Company Interview20 Feb, 2026

Key points:

Guzman y Gomez (ASX:GYG) reports $10.6 million net profit after tax, up 45%Transitioning US delivery partner from DoorDash to UberStrong focus on expanding drive-thru restaurants and international growthLong-term strategy prioritises operational efficiency and financial discipline

Guzman y Gomez (ASX:GYG) reports a record net profit after tax of $10.6 million for the half-year, up 45%, with revenue reaching $261.2 million. Co-CEO Steven Marks states the company remains optimistic about future growth, particularly in the United States, despite an expectation of slightly increased losses as US operations expand. Marks highlights the transition from DoorDash to Uber for US deliveries, which may influence short-term sales, but stresses optimism for long-term growth and an increased focus on operational efficiency.
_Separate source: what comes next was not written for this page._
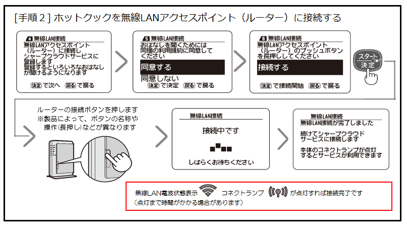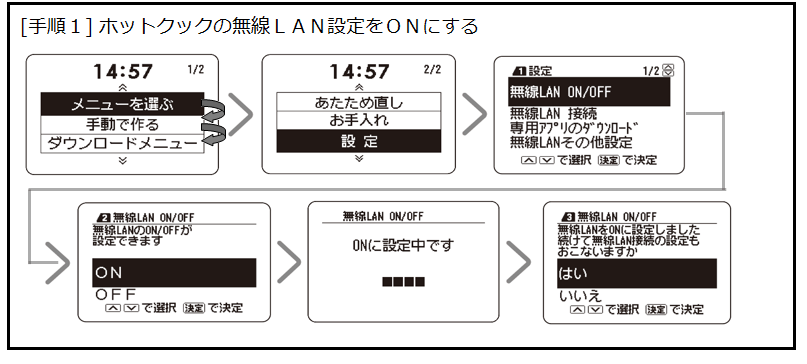 ※ホットクックで設定する前に無線LANアクセスポイント(ルーター)の電源を入れておいてください。

Marks points to Guzman y Gomez's position in the quick service restaurant space, noting the brand’s strong drive-thru performance in Australia and a unique offering compared to competitors like Chipotle in the US. The company operates 240 restaurants in Australia, many of which are drive-thrus, and currently has eight US locations with plans to expand to at least 15. Marks emphasises the strong performance of drive-thrus, the brand's focus on breakfast, lunch, and dinner, and the evolving mini range menu, which caters to changing consumer preferences.

While acknowledging that the share price has reached a record low, Marks contends significant value exists in the company’s long-term strategy. He stresses a focus on financial discipline, operating leverage, and continued growth across Australia, Singapore, Japan, and the US.